Roxby learned the pitch on a summer travel team before heading to college. He began throwing it more his junior season with some success. Now that the new baseball technology tools have helped him understand his weapon, he throws no less than 60 percent of the time. And he doesn’t go to the mound wondering if we will throw strikes.

“It’s a pitch I’ve commanded so well,” he said. “I’m super confident where I’m going to throw that pitch. On top of it being a better pitch for me and sequencing hitters, at the same time I’m in the zone more with it. I’m able to get it over the plate and throw it where I want.”

Roxby’s other go-to pitch is a four-seam fastball that has climbed into the mid-90s and naturally cuts away from right-handers.

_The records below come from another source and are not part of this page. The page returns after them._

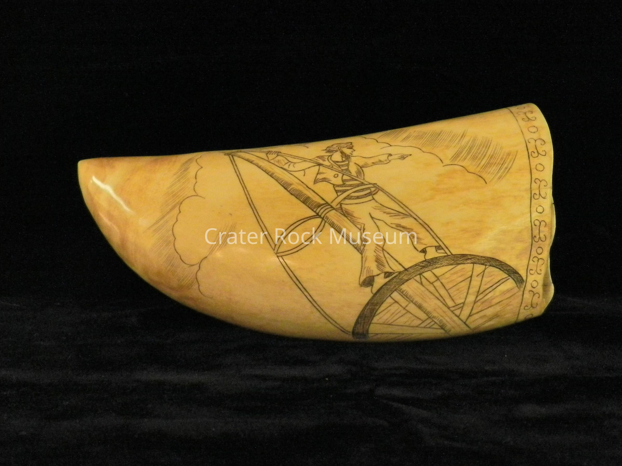 Scrimshaw is the name given to handiwork created by whalers made from the byproducts of harvesting marine mammals. It is most commonly made out of the bones and teeth of sperm whales, the baleen of other whales, and the tusks of walruses. It takes the form of elaborate engravings in the form of pictures and lettering on the surface of the bone or tooth, with the engraving highlighted using a pigment, or, less often, small sculptures made from the same material. However the latter really fall into the categories of ivory carving, for all carved teeth and tusks, or bone carving. The making of scrimshaw began on whaling ships between 1745 to 1759 on the Pacific Ocean, and survived until the ban on commercial whaling. The practice survives as a hobby and as a trade for commercial artisans. A maker of scrimshaw is known as a scrimshander.[1] Scrimshaw is also a surname. The etymology is uncertain, but there have been several proposals.[2Collection
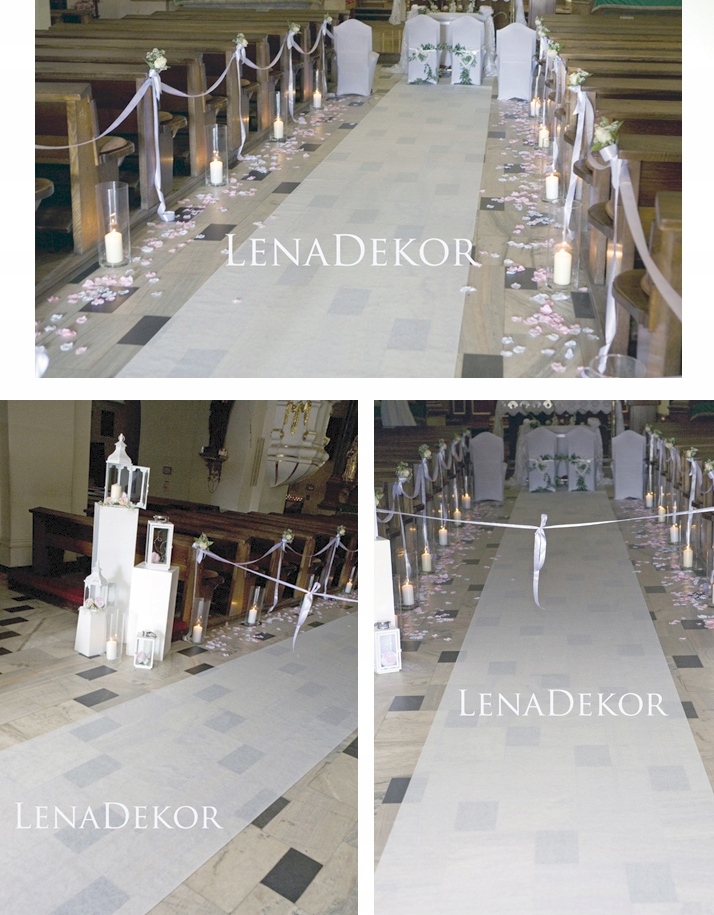 Улюблений продукт професійних прикрас. Незамінний у кожному флориста. Ідеально підходить для прикраси церков, розташування цивільних весіль, декору весільних залів або святкування на свіжому повітрі. Ідеально підходить як захист традиційного білого килима.
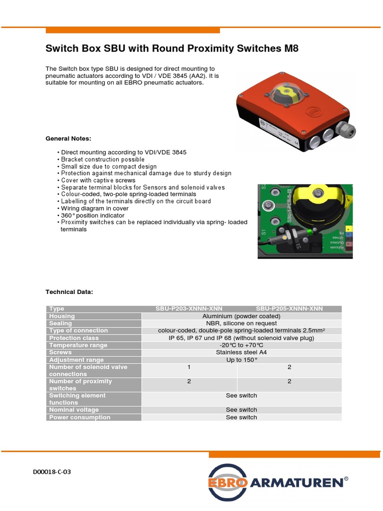 Type SBU-P203-XNNN-XNN SBU-P205-XNNN-XNN
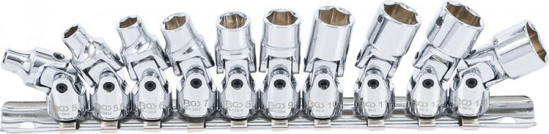 Fémsínen S zállítási Terjedelem: Csuklós Dugókulcsbetétek 5 - 5,5 - 6 - 7 - 8 - 9 - 10 - 11 - 12 - 13 Bruttó Súly: 302 G Anyag: Króm-Vanádium Acél Felületjavítás: Krómozott, Magasfényű Falikárpithoz Alkalmas Csomagolás: Igen
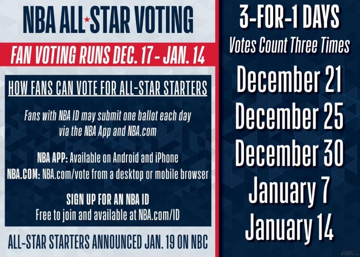 今日NBA官方宣布,本赛季全明星投票将于北京时间12月18日正式开始,截止时间为1月15日。三倍投票日为:12月22日、12月26日、12月31日、1月8日、1月15日。本赛季全明星将开启美国队VS世界队的全新赛制,今年的24位全明星将不按位置区分进行选人。

So he’s developing a one-seam fastball designed to cut in on right-handers. It’s known as a seam-shifted wake.

“The plan is to keep guys from diving for the slider,” Garman said. “It has to keep them honest, it will brush them back and then it opens up the opportunity to throw the slider later.”

Roxby likes being a reliever and is following an organization motto to be great at what he’s good at – the slider and the two fastballs. If there’s something in his stat line he wants to improve, it would be to walk fewer and hit fewer batters. He’s walked eight and hit five, but those numbers aren’t making him shy away for the new fastball that sometimes gets him behind in the count.

“I’m using this time to not only compete with my best stuff,” Roxby said, “but to develop and figure out the pitcher that I’m going to be in the big leagues or at the next level.”